Amphenol Corporation to buy Carlisle Interconnect for $2 billion

Amphenol Corporation, a global leader in high-tech interconnect, antenna and sensor solutions, has agreed to acquire Carlisle Interconnect Technologies (CIT), a major supplier of harsh environment interconnect solutions, for $2.025 billion in cash.

The deal, which is expected to close by the end of June 2024, will expand Amphenol’s product portfolio and customer base in the commercial air, defense and industrial markets. Carlisle Interconnect is projected to have $900 million in sales and 20% in adjusted EBITDA margin in 2024.

The acquisition will be financed with cash and existing credit facilities and will boost Amphenol’s earnings per share in the first year, excluding acquisition-related costs. The transaction is subject to regulatory approvals and other customary closing conditions.

“We are excited to welcome CIT’s approximately 6,000 talented employees to the Amphenol family,” said Amphenol President and Chief Executive Officer, R. Adam Norwitt.

“CIT’s highly engineered harsh environment interconnect solutions will allow us to deliver a more comprehensive technology solution for the increasingly complex applications of our customers in harsh environment markets. We look forward to benefiting from this enhanced position with these important customers in the commercial air, defense and industrial markets long into the future.

In addition, we are excited by the possibilities created through the combination of Amphenol’s strong operating discipline and CIT’s advanced capabilities. We look forward to working together with CIT’s experienced management team to drive superior operating performance for the business as part of Amphenol. The addition of CIT represents another step forward for our long-term and successful acquisition program, which we believe will continue to create value for the Company long into the future.”

Chris Koch, Chair, President and Chief Executive Officer Carlisle, said “The sale of Carlisle Interconnect Technologies aligns with our Vision 2030 strategy and represents a significant milestone in our strategic pivot from a diversified industrial portfolio of businesses to a premier pure play building products company.

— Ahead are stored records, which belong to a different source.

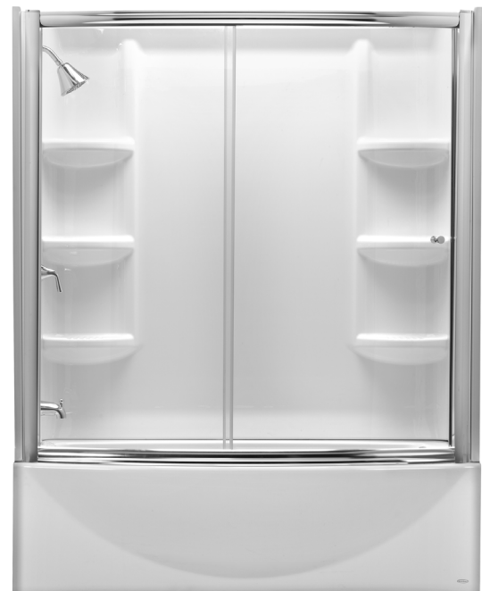
Saver tub with Saver wall set and Saver curved shower door shown.

For color/finish availability and other faucet choices, please see the Product Selector and Pricing Guide.
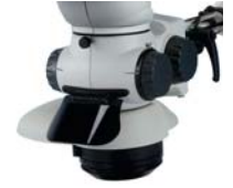
Oblique and direct viewer
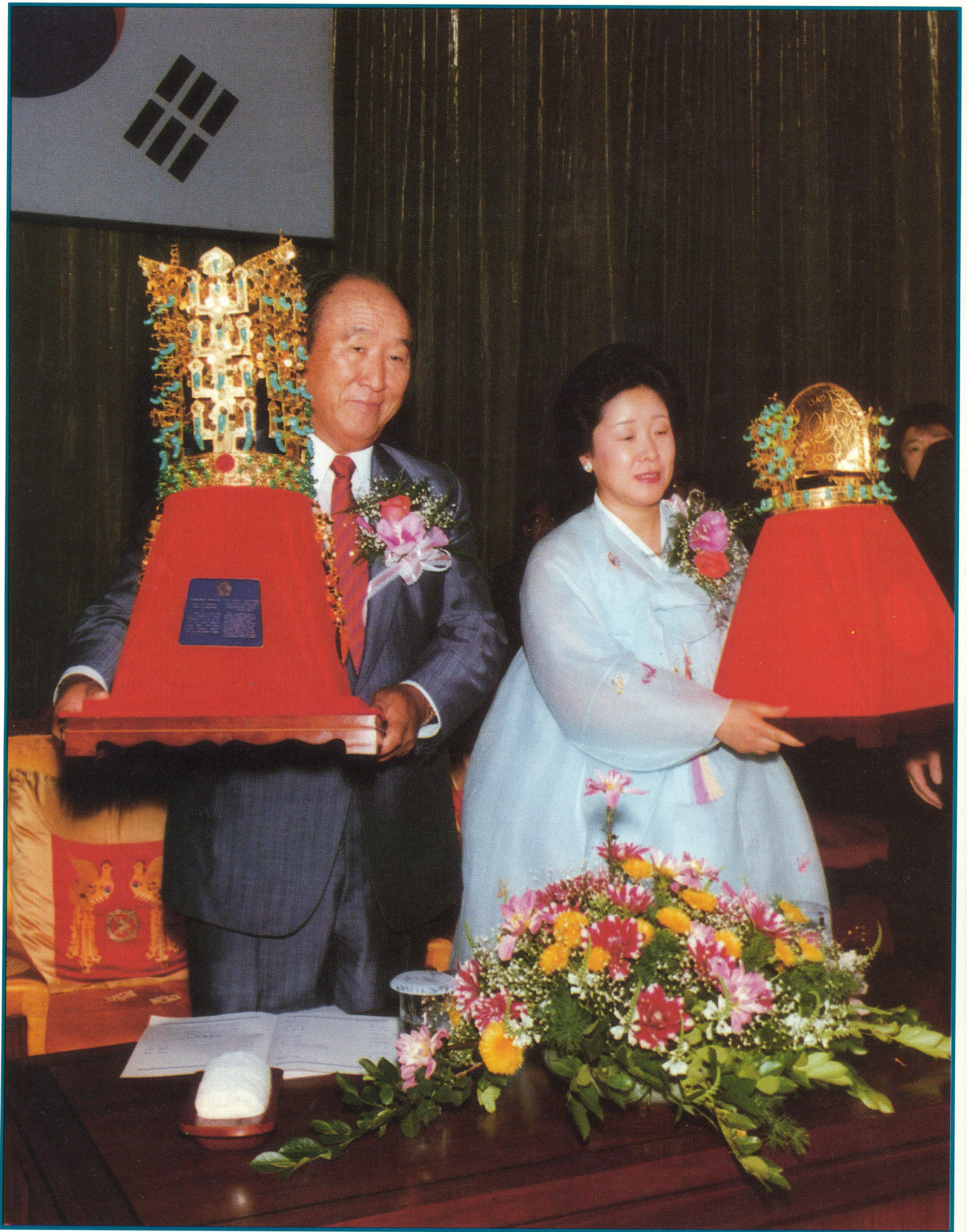
Father and Mother receive honorary crowns during the installation ceremony.
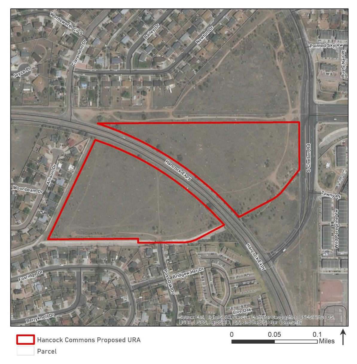
Figure 1. Hancock Commons Proposed URA Boundary and Parcels
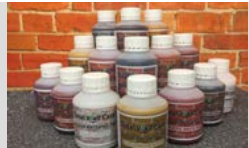
Brick Tint Multi-Packs

Contains 400ml all 16 Colours of Brick Repair Mortar along with Soot Wash and Lime Wash. It's a excellent kit for carrying out small repairs and sample/test panel repairs.
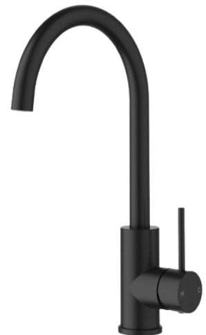
PCL1001SS-MB - Sink Mixer - Matt Black

As we complete this strategic shift, we look forward to executing our commitment in Vision 2030 to delivering over $40 of adjusted EPS through our innovative building envelope products and solutions. We are confident that our focus on building envelope solutions will allow our shareholders to benefit from mega trends around energy efficiency, labor savings and the re-roofing cycle and capitalize on the industry-leading returns provided by our streamlined portfolio.

The profitable growth and superior returns that we have demonstrated since 2018 are largely attributable to our strategic pivot and highly accretive capital allocation methodology. We are further strengthening our capital foundation with the expected proceeds from the sale of Carlisle Interconnect Technologies.

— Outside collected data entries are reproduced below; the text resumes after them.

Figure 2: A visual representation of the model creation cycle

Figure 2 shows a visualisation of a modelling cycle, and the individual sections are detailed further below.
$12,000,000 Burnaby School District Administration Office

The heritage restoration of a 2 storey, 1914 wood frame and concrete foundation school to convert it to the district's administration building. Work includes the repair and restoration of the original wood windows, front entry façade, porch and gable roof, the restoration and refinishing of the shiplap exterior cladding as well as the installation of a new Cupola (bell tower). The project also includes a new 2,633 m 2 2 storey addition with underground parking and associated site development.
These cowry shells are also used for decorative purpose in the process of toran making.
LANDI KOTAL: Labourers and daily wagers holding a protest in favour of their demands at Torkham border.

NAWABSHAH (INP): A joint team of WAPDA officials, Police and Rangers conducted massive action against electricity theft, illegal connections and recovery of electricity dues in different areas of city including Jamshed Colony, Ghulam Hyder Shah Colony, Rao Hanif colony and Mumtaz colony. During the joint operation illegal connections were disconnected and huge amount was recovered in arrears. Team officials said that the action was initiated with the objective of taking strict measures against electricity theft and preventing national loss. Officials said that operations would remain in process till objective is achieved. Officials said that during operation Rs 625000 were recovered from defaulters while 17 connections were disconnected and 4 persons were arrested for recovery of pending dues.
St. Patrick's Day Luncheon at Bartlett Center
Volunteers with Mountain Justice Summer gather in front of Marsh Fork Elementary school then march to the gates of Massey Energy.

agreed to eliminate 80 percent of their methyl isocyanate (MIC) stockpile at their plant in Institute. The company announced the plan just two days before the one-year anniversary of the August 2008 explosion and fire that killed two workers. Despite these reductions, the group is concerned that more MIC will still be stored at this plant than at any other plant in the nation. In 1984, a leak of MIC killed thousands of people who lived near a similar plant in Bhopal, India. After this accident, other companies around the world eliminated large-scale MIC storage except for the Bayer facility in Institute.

When combined with our 15%+ free cash flow margin expected to continue through 2024 and beyond, this heightened financial strength affords us substantial flexibility to effectively execute our share repurchase program, pursue strategic building product acquisitions and other high-returning capital allocation priorities.”

Evercore is serving as Amphenol’s financial advisor for the transaction and Latham & Watkins, LLP is acting as its legal advisor.